Meditative Layers
Combining Western and Eastern concepts, my work explores the different relationships that exist between contemporary practices and conventional approaches in visual arts.
This work is a self-reflection about how we can construct our internal world by contemplating time. My work explores visibility and invisibility with the concept of time and spontaneity and physicality in the process of installation. It examines worldviews of time and space through Eastern and Western perspectives and reflects the meditative experience of emptiness as dynamic space. My work is rooted in the Asian belief that life is a cycle while also reflecting the principle of Yin and Yang. I use these concepts and theories in order to express my response to the natural flow of life and the duality of ideas between the East and West. My installations incorporate both concepts of time from the West and East — one from the West where time is understood as linear and one from the East where it is regarded as circular. They represent the progression of time that embraces and filters all human emotions in its immeasurable vastness.
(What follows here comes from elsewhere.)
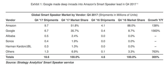 2017下半年开始,随着阿里、百度、京东、小米等中国玩家大举进军,整个市场从谷歌、亚马逊双强并峙逐渐变成多点开花局面,从2017年四季度到次年一季度是一个明显的转折点。

In eastern Asian cultures, a lotus flower symbolizes the one who overcomes the pain that prevails in the material world and becomes enlightened, just like the lotus flower that grows in dirty and muddy water but manages to surpass the water and produce a perfect flower. The lotus flower centered in the forest of threads signifies purity, enlightenment, self-regeneration and rebirth as a symbolic meaning regarded in eastern Asian cultures.